7. Relationship to agy-ct

The roadmap for agy-ct CLI capabilities proceeds in distinct phases:

  • Phase 6C (Current): Safe compatibility wrappers mapping doctor, validate, handoff, demo, and context all commands.
  • Phase 6D (Next): Automatic run and demo workflow orchestrator logic.
  • Phase 6E (Future): Output formats (--json, --plain) and structured JSON report exporter.
  • Phase 6F (Future): Local cache valve and optional NotebookLM source bundle exporter.

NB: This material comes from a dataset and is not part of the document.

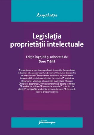 Lucrarea Legislatia proprietatii intelectuale se adreseaza in principal studentilor facultatilor de drept care au in programa disciplina dreptul proprietatii intelectuale, fiind structurata pe doua parti, astfel: partea I, Proprietatea industriala, cuprinde 28 de acte normative (dispozitii generale; marci, indicatii geografice, firme; desene si modele; modele de utilitate; inventii; noi soiuri de plante; topografiile produselor semiconductoare), iar partea a II-a, Dreptul de autor si drepturile conexe, include 2 acte fundamentale in materie.

8. Architectural Boundaries

To maintain a tight scope and prevent feature creep:

  • No multi-agent scheduler: All runs are single-thread workflow executions.
  • No worktree orchestration: Code does not manage git checkout trees.
  • No AG-UI runtime: The tool operates exclusively on the command-line.
  • No Pydantic AI integration: No external Python-based LLM frameworks are integrated.
  • No subagent execution: Orchestrator does not launch child AI processes.
  • No browser/control-plane UI: The interface remains local and text-based.
  • No NotebookLM integration: NotebookLM source bundling is deferred as optional and not currently required.

9. Safety, Leak & Claim Hygiene Guidelines

  • Wording Rules:
    • Offline behavior was deterministic in the validated test scope.
    • Configured leak checks passed in the validated scope.
    • No blocking risks found in the validated scope.
  • Forbidden Claims:
    • No claims of being "fully deterministic", "100% safe", or having "no risks" are present.
    • No claims of official SPARK JSON compatibility are made.
    • No claims of EU AI Act certification or compliance are made.